The full re-learning of war trauma lessons from the WWI generation requires the eradication of antiquated dualistic beliefs, stigma, and disparity of mental healthcare by acknowledging the inevitability and legitimacy of invisible wounds. However, the military's re-awakening occurred too late to prevent the ensuing mental health crisis in the 1940-1950s. Enlightened military leaders with a heavy conscience, were determined to end the cycle of self-inflicted crises of national ignorance by publishing two volumes of "lessons learned" with the explicit purpose that future generations would never again neglect doing what is right [1]- a similar social justice vein responsible for the permanent integration of military women, African Americans, and mental health clinicians.

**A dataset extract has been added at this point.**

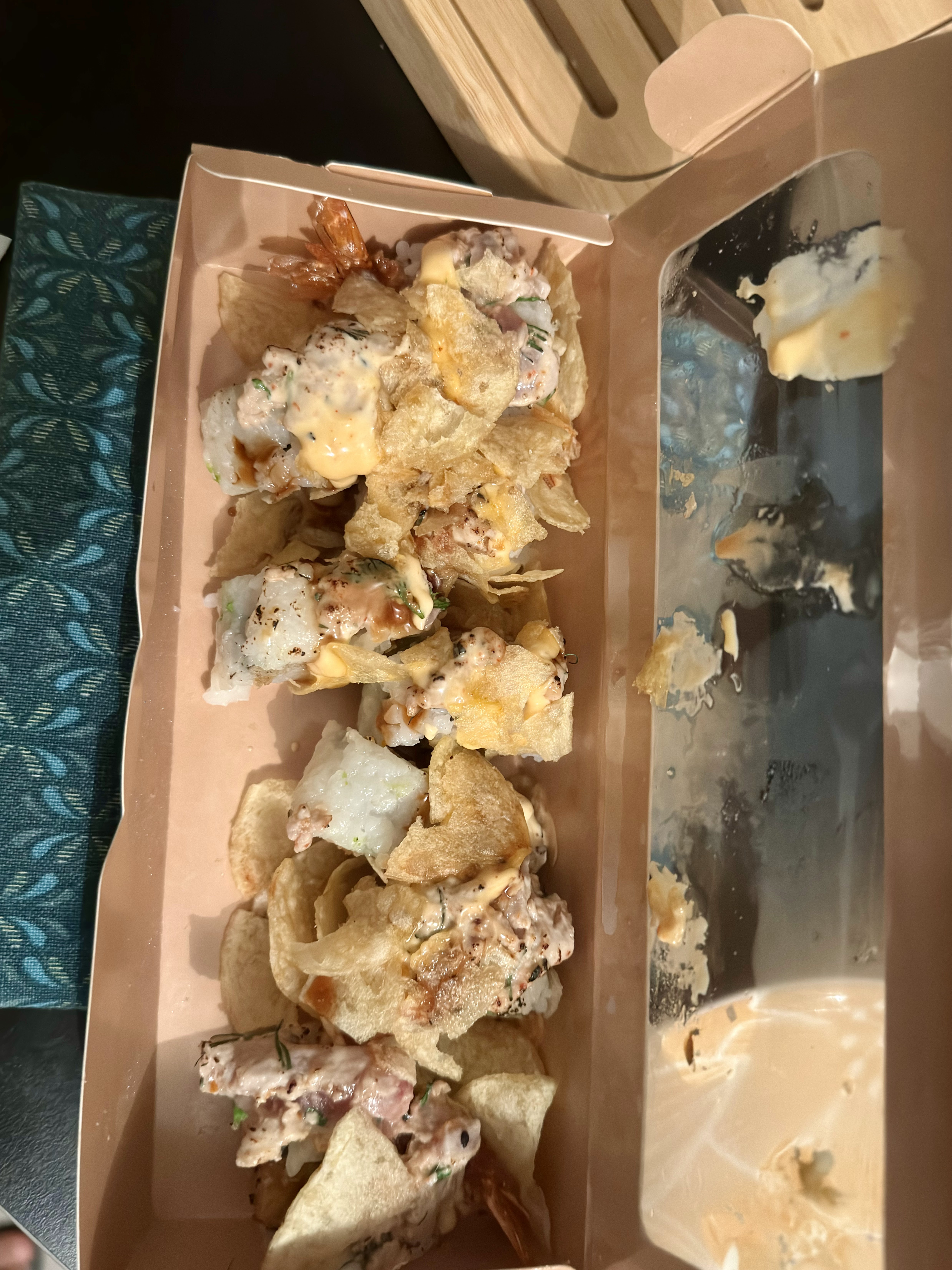 Nous sommes allés sur place deux fois et c’était excellent. Puis nous avons testé en livraison et ce fut une déception : la première fois la soupe n’est pas arrivée à destination (contenant non adapté pour du liquide) et la seconde fois, il n’en restait plus que la moitié et les sushis étaient sans saveurs avec des chips toutes moles ne ressemblant en rien au « Vulcan roll ». Il est préférable de consommer sur place. En livraison la qualité n’est clairement pas la même…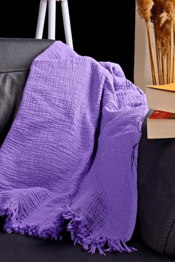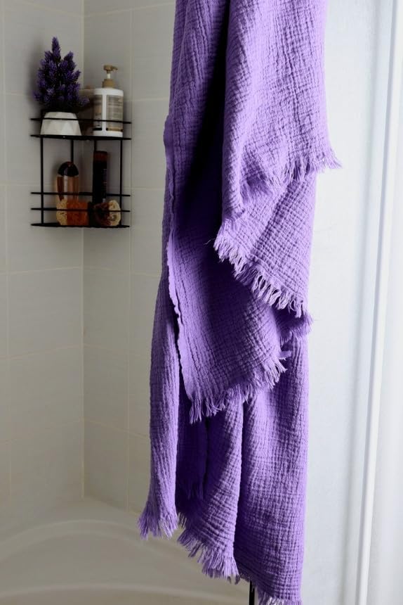– Lüks Müslin Plaj Havlusu Peştemal – 100% Pamuk, Yüksek Kaliteli, Yumuşak, İnce, Çabuk Kuruyan, Ekstra Büyük Müslin Banyo veya Plaj Havluları (Lila Mor, 90 x 180 cm Büyük Boy)

Unmistakable progress has been made over the decades to correct social injustice perpetrated on marginalized Americans, including our gay and lesbian citizens. However, the plight of the mentally ill, stigma, and disparity have flourished in the 21st century -- responsible for the systematic neglect and preventable crisis as reported by the Department of Defense Task Force on Mental Health in 2007 with impunity.

Cultural Stigma of Inferiority and Weakness

Historically, American women, African-Americans, war stress casualties and their healers also share the common burden of being perceived by mainstream, white European male dominated military culture as "inherently inferior and weak." The most feared taboo in warrior cultures is to be labeled as "weak" and "cowardly." American society has condoned open discrimination against women, African-Americans, and the mentally ill because they were viewed as intellectually, morally, physically, and emotionally weak compared to their white male counterparts. However, during times of extended war, it became expedient to tolerate inclusion of such inferior beings in order to fight and win wars.

However, there was a limit to the military's tolerance of the weak. This is why at war's end, women, African-Americans and mental health practitioners were quickly purged from the rank and file until 1946.

Summary

The second part of this blog will examine the previously unrecognized parallels between the crises of MST and mental healthcare. Specifically, what are the common sociocultural barriers responsible for under-reporting, under-investigating, under-prosecuting, and perpetuating stigma and injustice?

References

[1] Glass, A. J., & Bernucci, R. J. (1966). Medical Department United States Army. Neuropsychiatry in World War II volume I: Zone of interior. Washington DC: Office of the Surgeon General, Department of the Army.
[2] Sobel, R. (1947). The "old sergeant" syndrome. Psychiatry, 10, 315-321.